Exercise directions => With the pictures left out, print exactly the lines below that run from the one containing "ensemble, a silhouette" through the one containing "Elevate your school".

Exercise materials =>
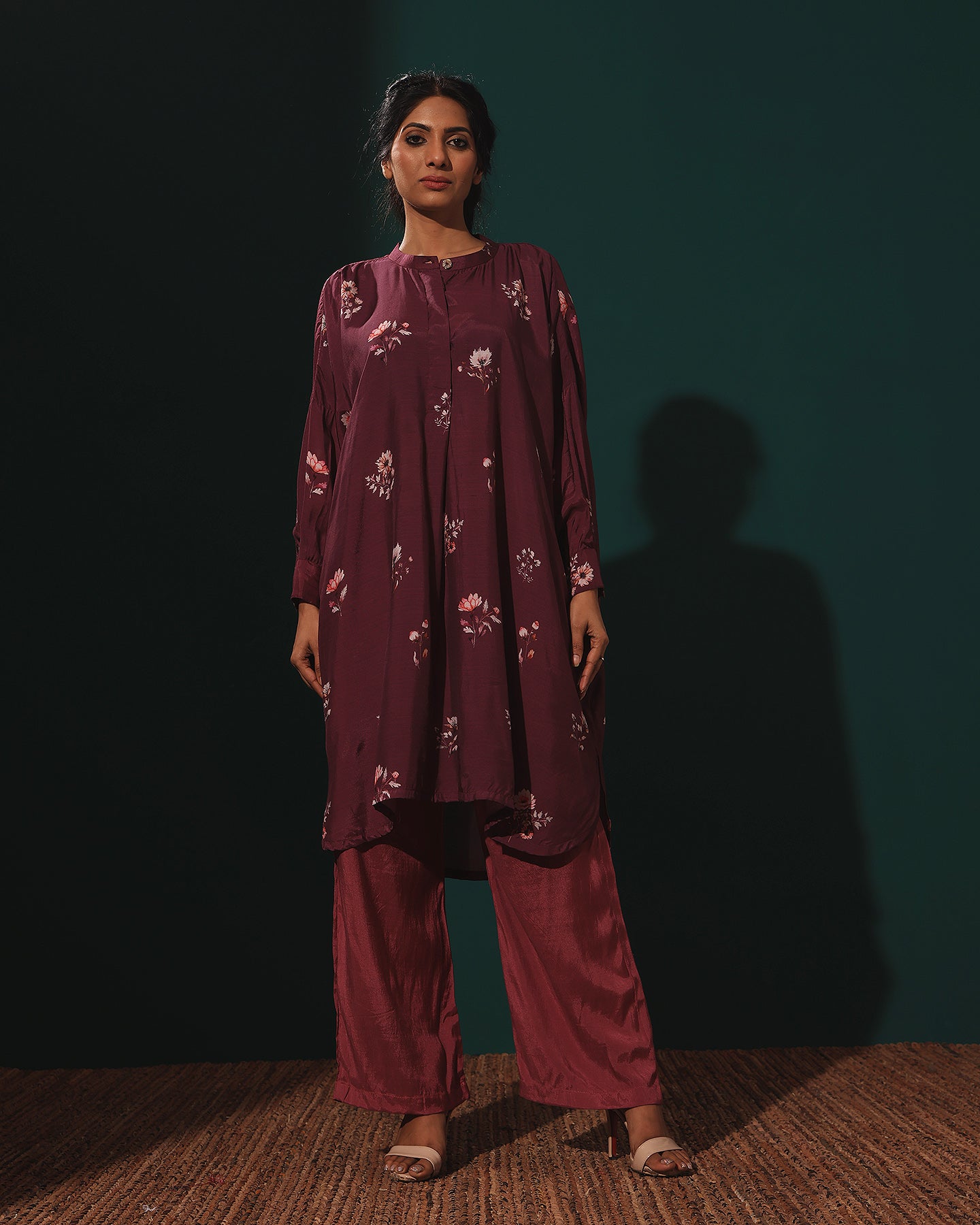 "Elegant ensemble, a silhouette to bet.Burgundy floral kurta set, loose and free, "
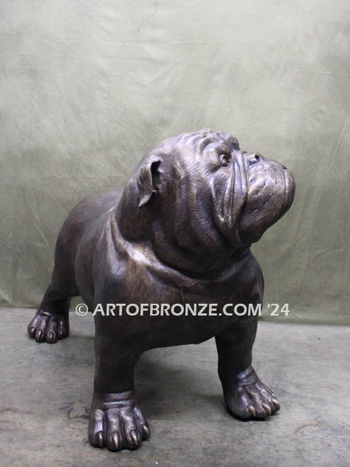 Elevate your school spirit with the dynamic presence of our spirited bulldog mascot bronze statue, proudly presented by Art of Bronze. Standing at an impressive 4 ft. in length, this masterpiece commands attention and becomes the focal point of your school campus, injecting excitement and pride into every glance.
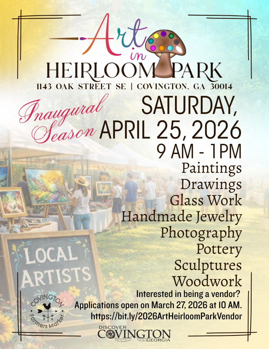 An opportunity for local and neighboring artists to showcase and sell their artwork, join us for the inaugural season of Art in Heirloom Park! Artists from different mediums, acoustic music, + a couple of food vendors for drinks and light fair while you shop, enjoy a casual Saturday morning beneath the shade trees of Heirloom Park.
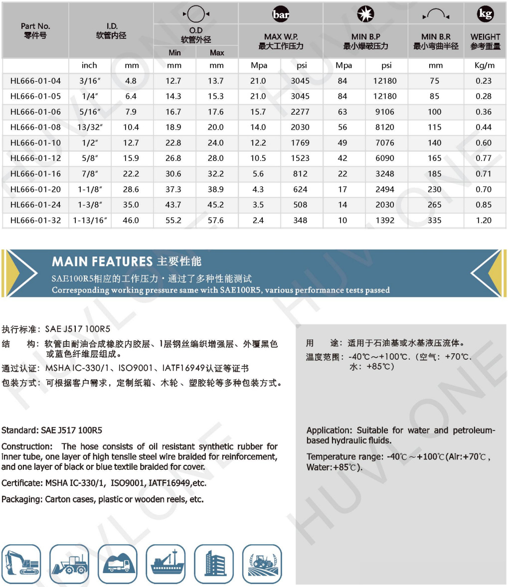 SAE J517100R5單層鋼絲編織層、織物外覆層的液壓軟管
--
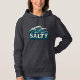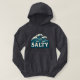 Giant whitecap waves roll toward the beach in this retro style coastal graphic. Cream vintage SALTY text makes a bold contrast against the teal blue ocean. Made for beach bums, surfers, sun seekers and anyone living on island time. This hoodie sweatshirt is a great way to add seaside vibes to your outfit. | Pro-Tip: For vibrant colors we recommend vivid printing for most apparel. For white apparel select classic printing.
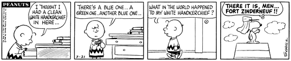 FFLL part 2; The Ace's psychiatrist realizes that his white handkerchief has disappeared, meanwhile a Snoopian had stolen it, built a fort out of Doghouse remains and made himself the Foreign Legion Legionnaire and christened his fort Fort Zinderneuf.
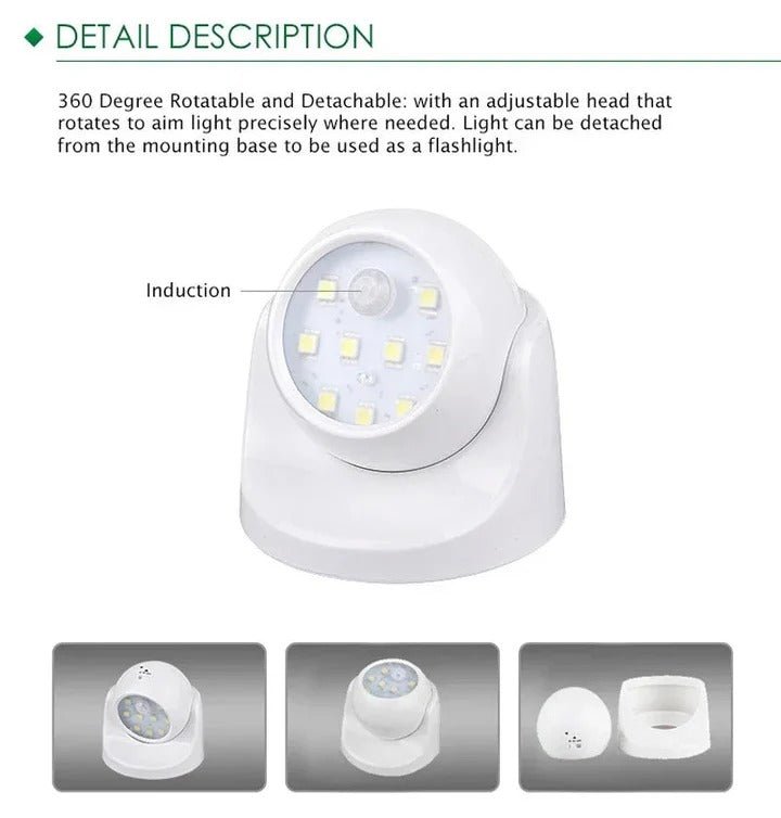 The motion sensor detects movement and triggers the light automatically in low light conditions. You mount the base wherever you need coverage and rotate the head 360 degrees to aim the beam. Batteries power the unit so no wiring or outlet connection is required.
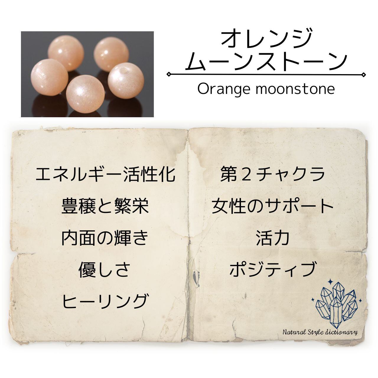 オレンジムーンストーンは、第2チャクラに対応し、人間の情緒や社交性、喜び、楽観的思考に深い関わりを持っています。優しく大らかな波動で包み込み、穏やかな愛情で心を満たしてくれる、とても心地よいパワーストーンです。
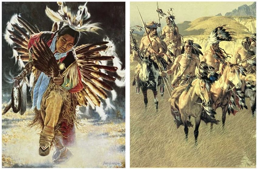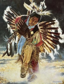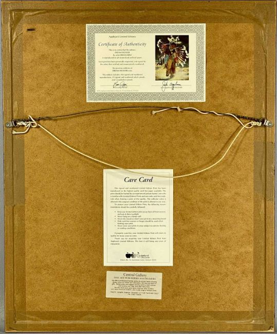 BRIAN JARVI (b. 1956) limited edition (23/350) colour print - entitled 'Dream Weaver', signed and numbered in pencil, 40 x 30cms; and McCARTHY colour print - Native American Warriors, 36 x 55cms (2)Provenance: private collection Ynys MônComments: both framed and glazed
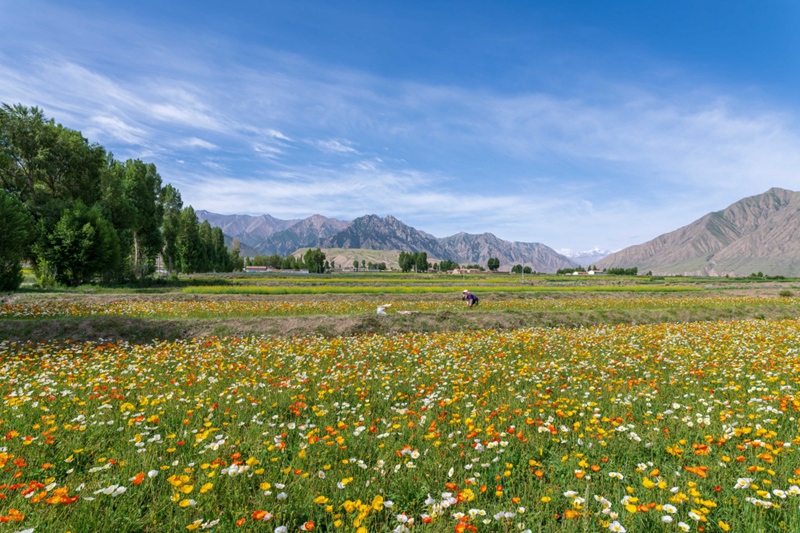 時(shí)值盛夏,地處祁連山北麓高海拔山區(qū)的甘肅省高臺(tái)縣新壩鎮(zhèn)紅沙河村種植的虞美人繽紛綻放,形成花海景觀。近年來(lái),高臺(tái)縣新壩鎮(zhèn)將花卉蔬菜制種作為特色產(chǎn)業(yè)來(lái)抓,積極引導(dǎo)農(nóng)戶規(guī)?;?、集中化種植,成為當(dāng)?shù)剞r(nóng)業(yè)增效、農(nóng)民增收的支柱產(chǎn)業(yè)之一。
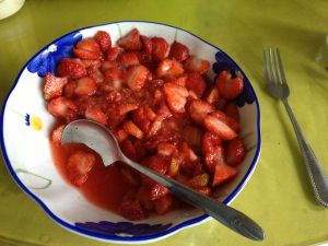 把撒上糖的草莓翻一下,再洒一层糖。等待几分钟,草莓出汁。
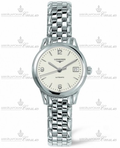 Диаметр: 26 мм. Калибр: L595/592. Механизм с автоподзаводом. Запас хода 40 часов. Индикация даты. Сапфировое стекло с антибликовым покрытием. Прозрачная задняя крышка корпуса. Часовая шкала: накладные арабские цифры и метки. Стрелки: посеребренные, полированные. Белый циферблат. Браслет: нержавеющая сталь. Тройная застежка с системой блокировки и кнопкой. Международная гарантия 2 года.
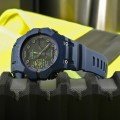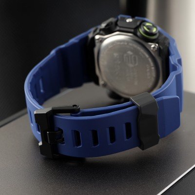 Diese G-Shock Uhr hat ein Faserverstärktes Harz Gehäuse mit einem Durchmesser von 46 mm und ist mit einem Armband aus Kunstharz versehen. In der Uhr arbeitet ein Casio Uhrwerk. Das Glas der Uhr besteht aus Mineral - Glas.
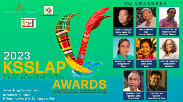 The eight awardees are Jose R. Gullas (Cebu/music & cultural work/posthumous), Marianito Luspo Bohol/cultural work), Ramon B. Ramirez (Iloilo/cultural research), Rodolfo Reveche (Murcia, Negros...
...
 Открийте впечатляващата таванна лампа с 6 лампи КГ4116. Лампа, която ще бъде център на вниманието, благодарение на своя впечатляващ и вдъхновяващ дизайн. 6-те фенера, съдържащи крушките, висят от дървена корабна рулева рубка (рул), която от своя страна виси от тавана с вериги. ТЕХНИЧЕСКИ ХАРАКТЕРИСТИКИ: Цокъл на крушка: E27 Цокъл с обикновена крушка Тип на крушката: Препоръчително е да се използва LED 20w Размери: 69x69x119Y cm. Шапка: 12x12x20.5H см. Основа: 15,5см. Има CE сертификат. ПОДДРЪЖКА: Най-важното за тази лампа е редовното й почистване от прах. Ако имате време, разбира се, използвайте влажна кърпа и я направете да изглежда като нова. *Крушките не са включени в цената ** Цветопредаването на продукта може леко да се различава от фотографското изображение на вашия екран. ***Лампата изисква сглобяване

Reply to the task =>
 "Elegant ensemble, a silhouette to bet.Burgundy floral kurta set, loose and free, "
 Elevate your school spirit with the dynamic presence of our spirited bulldog mascot bronze statue, proudly presented by Art of Bronze. Standing at an impressive 4 ft. in length, this masterpiece commands attention and becomes the focal point of your school campus, injecting excitement and pride into every glance.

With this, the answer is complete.